$ABCD$ is a parallelogram, $E$ and $F$ are the mid points $AB$ and $CD$ respectively. $GFI$ is any line intersecting $AD, EF$ and $BC$ at $Q, P$ and $H$ respectively. Prove that $GP = PH$.
Given:
$ABCD$ is a parallelogram, $E$ and $F$ are the mid points $AB$ and $CD$ respectively. $GFI$ is any line intersecting $AD, EF$ and $BC$ at $Q, P$ and $H$ respectively.
To do:
We have to prove that $GP = PH$.
Solution:
$E$ and $F$ are the mid-points of $AB$ and $CD$.
This implies,
$AE=E B=\frac{1}{2} A B$
$\mathrm{CF}=\mathrm{FD}=\frac{1}{2} \mathrm{CD}$
$\mathrm{AB}=\mathrm{CD}$ (Opposite sides of a parallelogram are equal)

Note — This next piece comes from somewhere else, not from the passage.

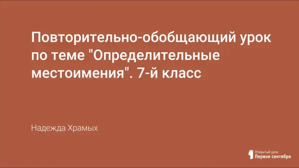 Урок построен в системе деятельностного подхода. Формирует регулятивные, предметные, личностные, коммуникативные универсальные учебные действия: систематизацию знаний о местоимении; умения и навыки нахождения определительных местоимений в тексте, употребление в речи, воспитание активного и сознательного отношения к изучению русского языка; воспитание любви к родине, чтению книг.
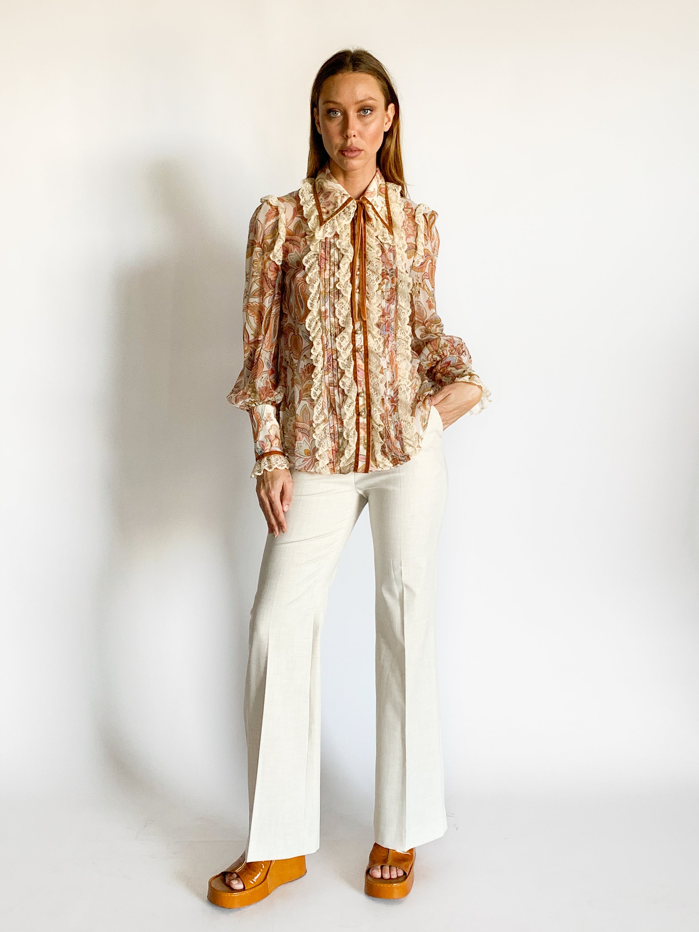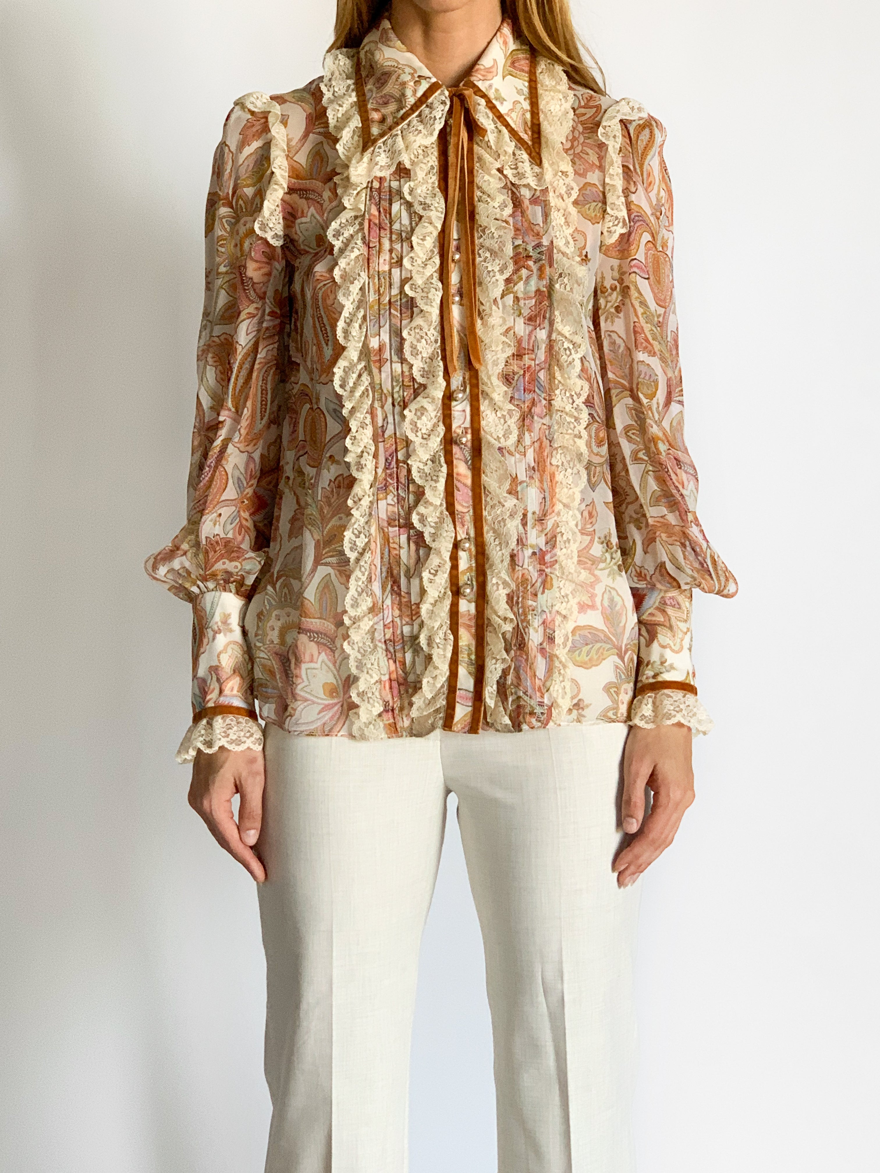 • Zimmermann Lucky Lace Collar Silk Blouse

$\frac{1}{2} \mathrm{AB}=\frac{1}{2} \mathrm{CD}$
$\mathrm{EB}=\mathrm{CF}$
$\mathrm{EB} \parallel \mathrm{CF}$
This implies,
$\mathrm{BEFC}$ is a parallelogram.
$\mathrm{BC} \| \mathrm{EF}$
$\mathrm{BE}=\mathrm{PH}$.........(i)
Therefore,
$AEFD$ is a parallelogram.
$\mathrm{AE}=\mathrm{GP}$..........(ii)
$\mathrm{E}$ is the mid-point of $\mathrm{AB}$
This implies,
$\mathrm{AB}=\mathrm{BE}$............(iii)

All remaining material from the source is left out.